- **EXERCISE DESCRIPTION**
What you write must match, character for character, the lines from the one with "UPSET CLOCK Disrupting" down to the one with "2019年1月,作為廈門(m" in the listing below, minus its pictures.

- **SOURCE MATERIAL**
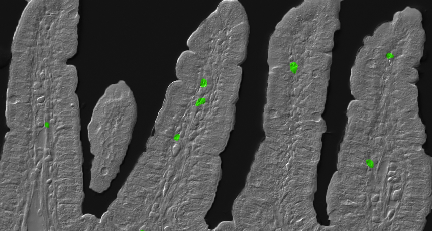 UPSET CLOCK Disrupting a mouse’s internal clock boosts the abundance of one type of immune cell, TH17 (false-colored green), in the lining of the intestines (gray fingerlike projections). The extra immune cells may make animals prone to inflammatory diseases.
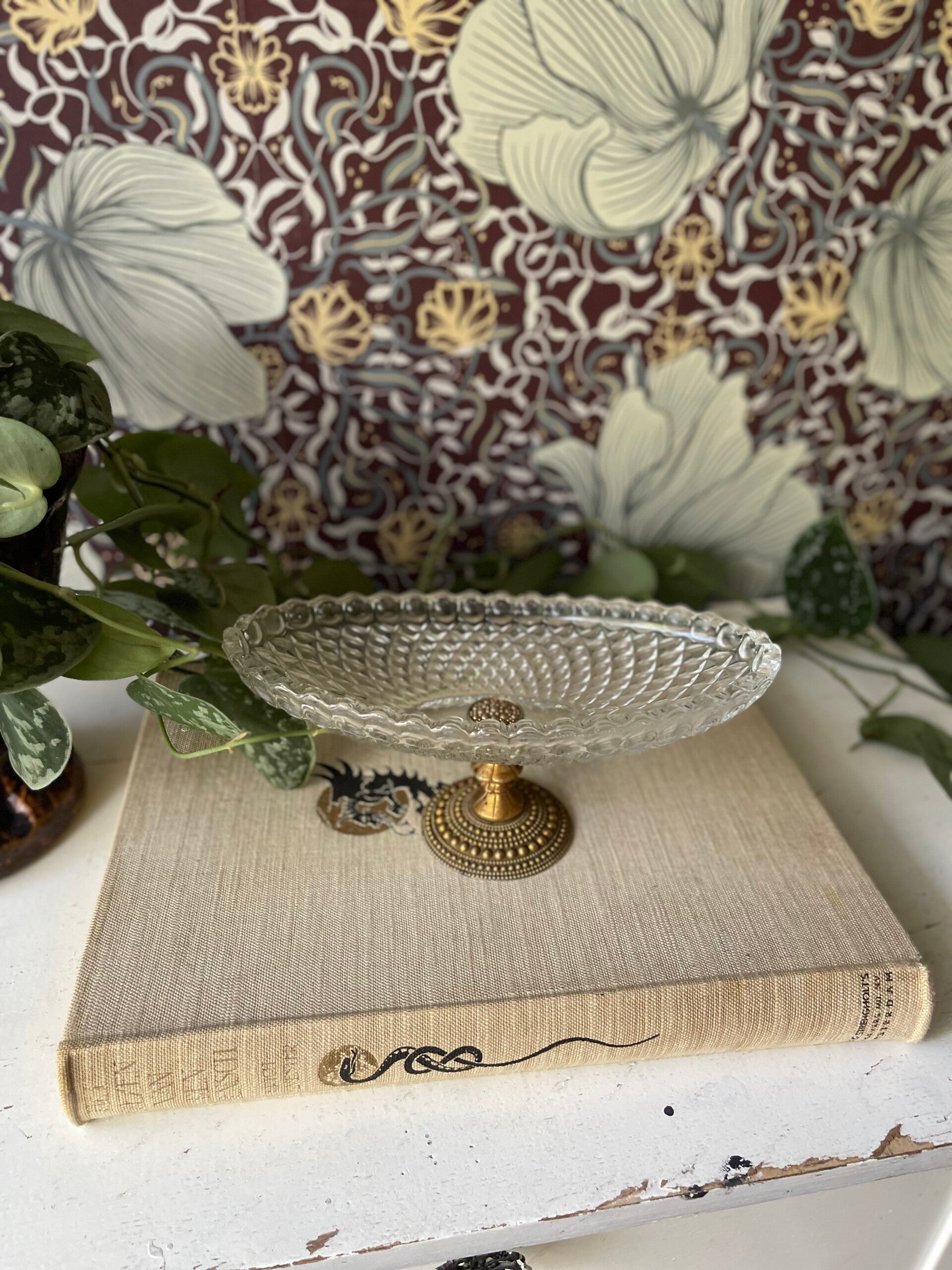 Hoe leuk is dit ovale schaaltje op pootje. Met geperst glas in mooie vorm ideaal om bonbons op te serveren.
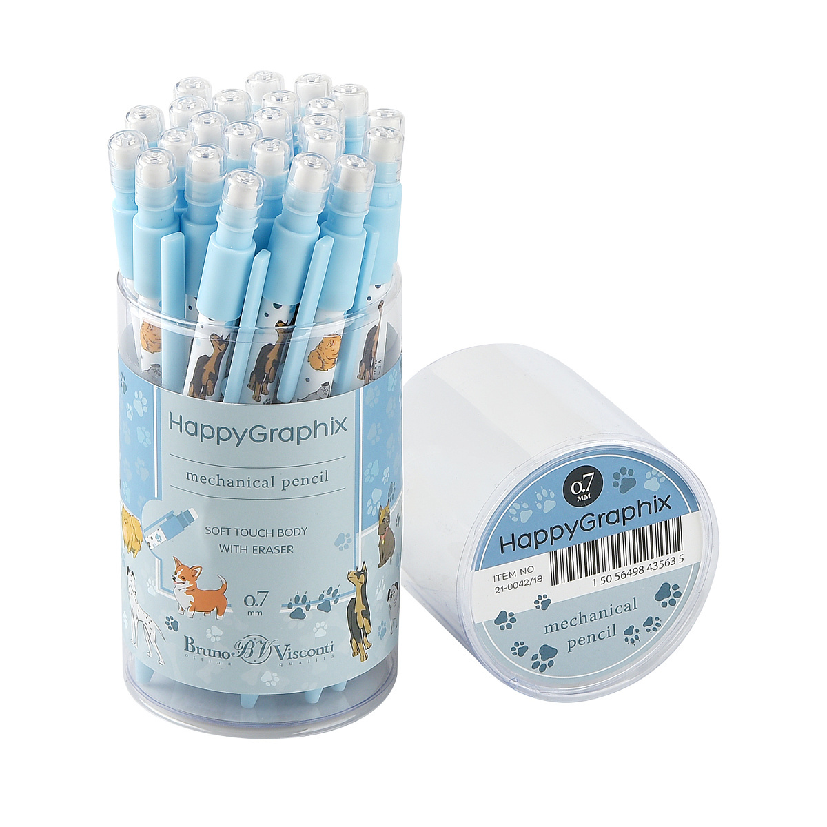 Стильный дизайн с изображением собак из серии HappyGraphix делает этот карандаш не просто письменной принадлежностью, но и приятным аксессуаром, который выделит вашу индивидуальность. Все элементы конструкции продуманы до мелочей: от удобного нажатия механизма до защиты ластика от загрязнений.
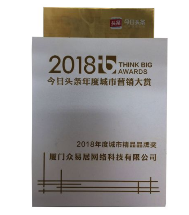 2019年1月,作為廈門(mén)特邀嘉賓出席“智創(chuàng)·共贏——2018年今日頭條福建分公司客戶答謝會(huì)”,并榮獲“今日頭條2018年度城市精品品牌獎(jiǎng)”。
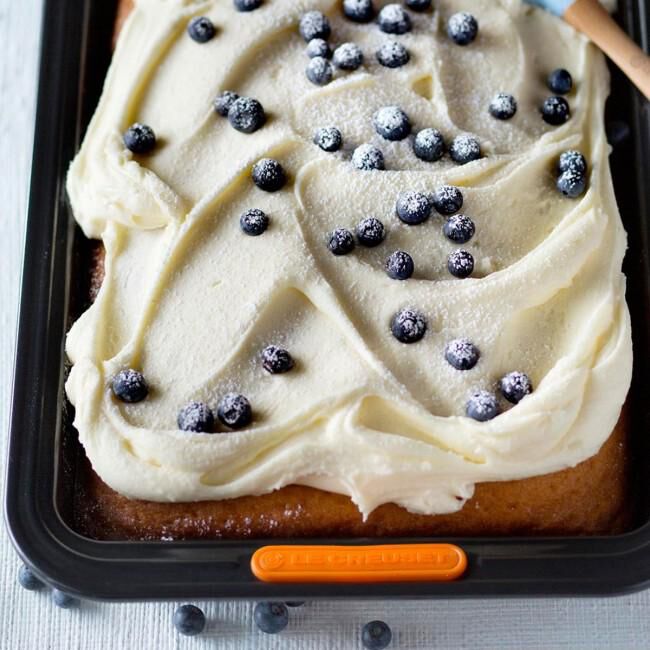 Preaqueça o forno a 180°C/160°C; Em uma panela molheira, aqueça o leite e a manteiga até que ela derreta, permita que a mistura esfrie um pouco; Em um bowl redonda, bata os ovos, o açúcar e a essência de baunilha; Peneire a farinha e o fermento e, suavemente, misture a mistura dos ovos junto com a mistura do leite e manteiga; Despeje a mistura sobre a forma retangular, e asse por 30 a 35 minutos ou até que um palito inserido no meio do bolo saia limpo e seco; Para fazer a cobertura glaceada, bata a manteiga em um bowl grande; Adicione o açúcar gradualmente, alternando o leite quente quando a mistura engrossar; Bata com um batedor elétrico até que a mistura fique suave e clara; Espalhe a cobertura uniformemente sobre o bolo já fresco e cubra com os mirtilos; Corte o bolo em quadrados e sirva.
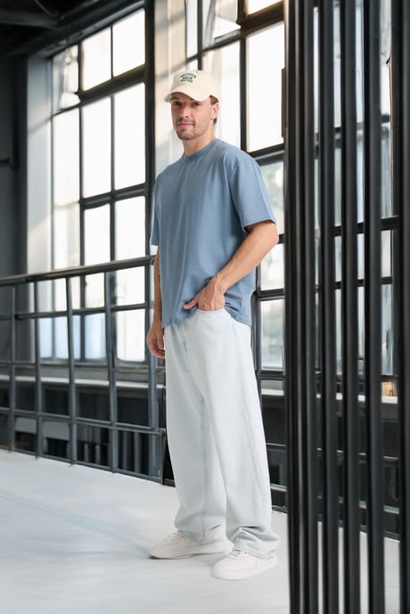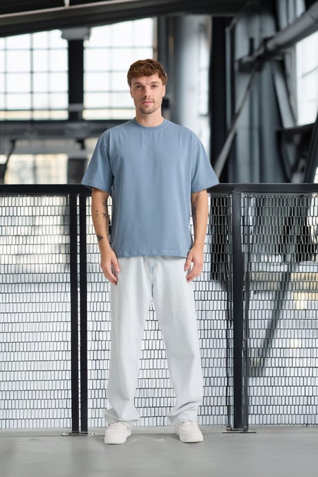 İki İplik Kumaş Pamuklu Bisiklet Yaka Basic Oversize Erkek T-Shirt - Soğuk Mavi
* * *
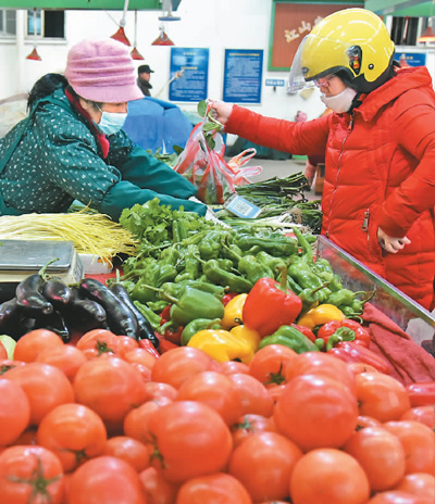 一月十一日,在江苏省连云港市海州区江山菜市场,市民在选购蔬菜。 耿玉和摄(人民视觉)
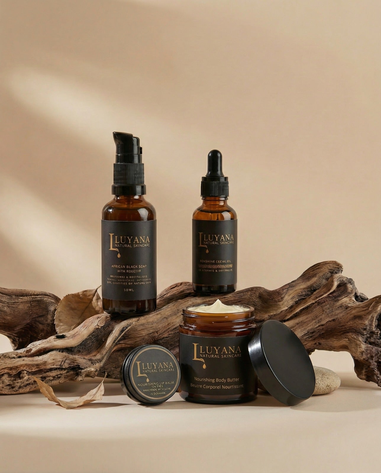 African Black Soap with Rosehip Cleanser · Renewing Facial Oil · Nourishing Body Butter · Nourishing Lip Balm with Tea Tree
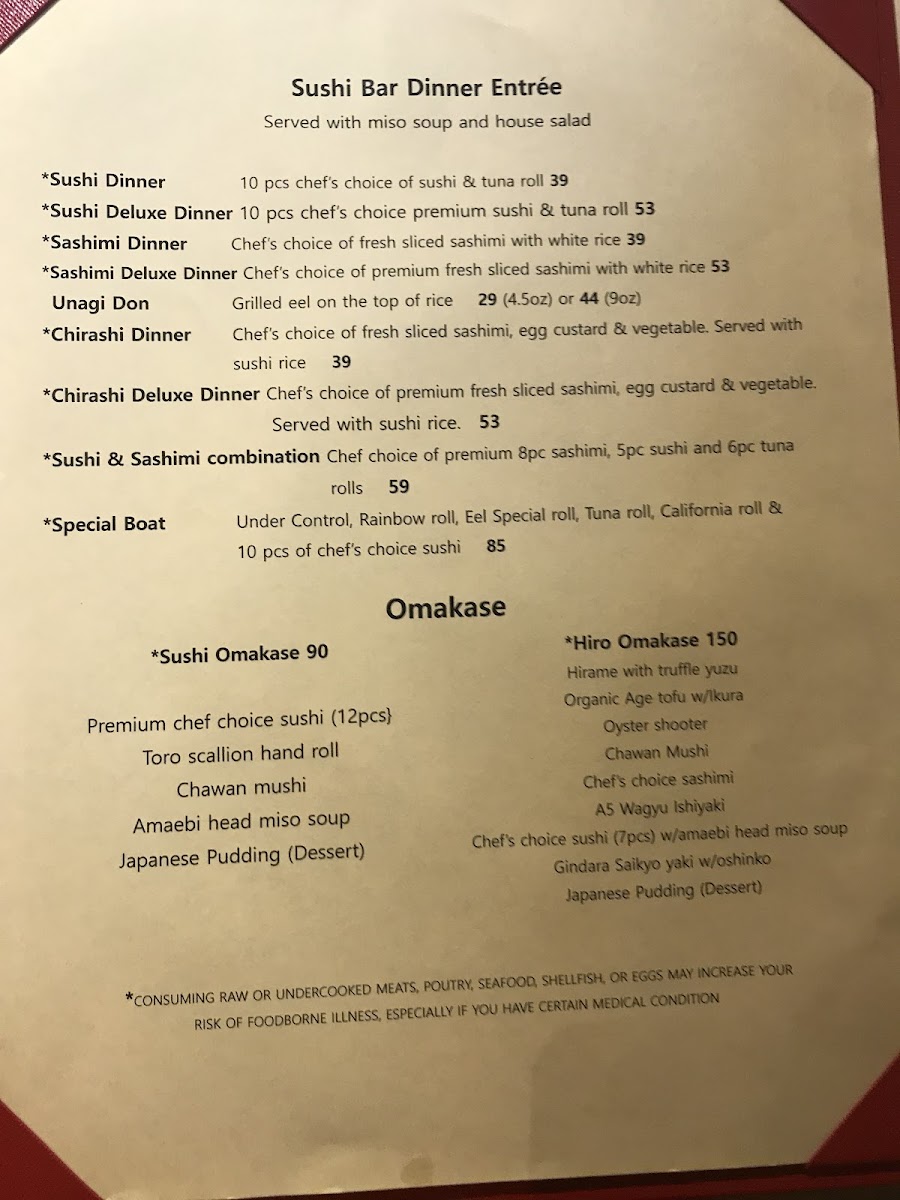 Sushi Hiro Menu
--
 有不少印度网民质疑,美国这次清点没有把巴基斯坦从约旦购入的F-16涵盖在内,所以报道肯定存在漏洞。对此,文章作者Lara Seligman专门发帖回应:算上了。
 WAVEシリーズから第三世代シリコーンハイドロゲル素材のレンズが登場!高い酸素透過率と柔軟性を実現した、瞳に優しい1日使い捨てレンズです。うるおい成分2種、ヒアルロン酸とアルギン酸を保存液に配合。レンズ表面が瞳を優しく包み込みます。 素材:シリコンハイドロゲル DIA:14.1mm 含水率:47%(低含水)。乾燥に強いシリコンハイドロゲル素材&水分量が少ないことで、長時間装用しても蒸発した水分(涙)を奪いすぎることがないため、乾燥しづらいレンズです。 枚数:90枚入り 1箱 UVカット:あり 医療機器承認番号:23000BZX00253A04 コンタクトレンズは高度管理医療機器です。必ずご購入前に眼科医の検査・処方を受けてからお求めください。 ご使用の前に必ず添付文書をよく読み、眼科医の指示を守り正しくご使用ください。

- **TASK ANSWER**
 UPSET CLOCK Disrupting a mouse’s internal clock boosts the abundance of one type of immune cell, TH17 (false-colored green), in the lining of the intestines (gray fingerlike projections). The extra immune cells may make animals prone to inflammatory diseases.
 Hoe leuk is dit ovale schaaltje op pootje. Met geperst glas in mooie vorm ideaal om bonbons op te serveren.
 Стильный дизайн с изображением собак из серии HappyGraphix делает этот карандаш не просто письменной принадлежностью, но и приятным аксессуаром, который выделит вашу индивидуальность. Все элементы конструкции продуманы до мелочей: от удобного нажатия механизма до защиты ластика от загрязнений.
 2019年1月,作為廈門(mén)特邀嘉賓出席“智創(chuàng)·共贏——2018年今日頭條福建分公司客戶答謝會(huì)”,并榮獲“今日頭條2018年度城市精品品牌獎(jiǎng)”。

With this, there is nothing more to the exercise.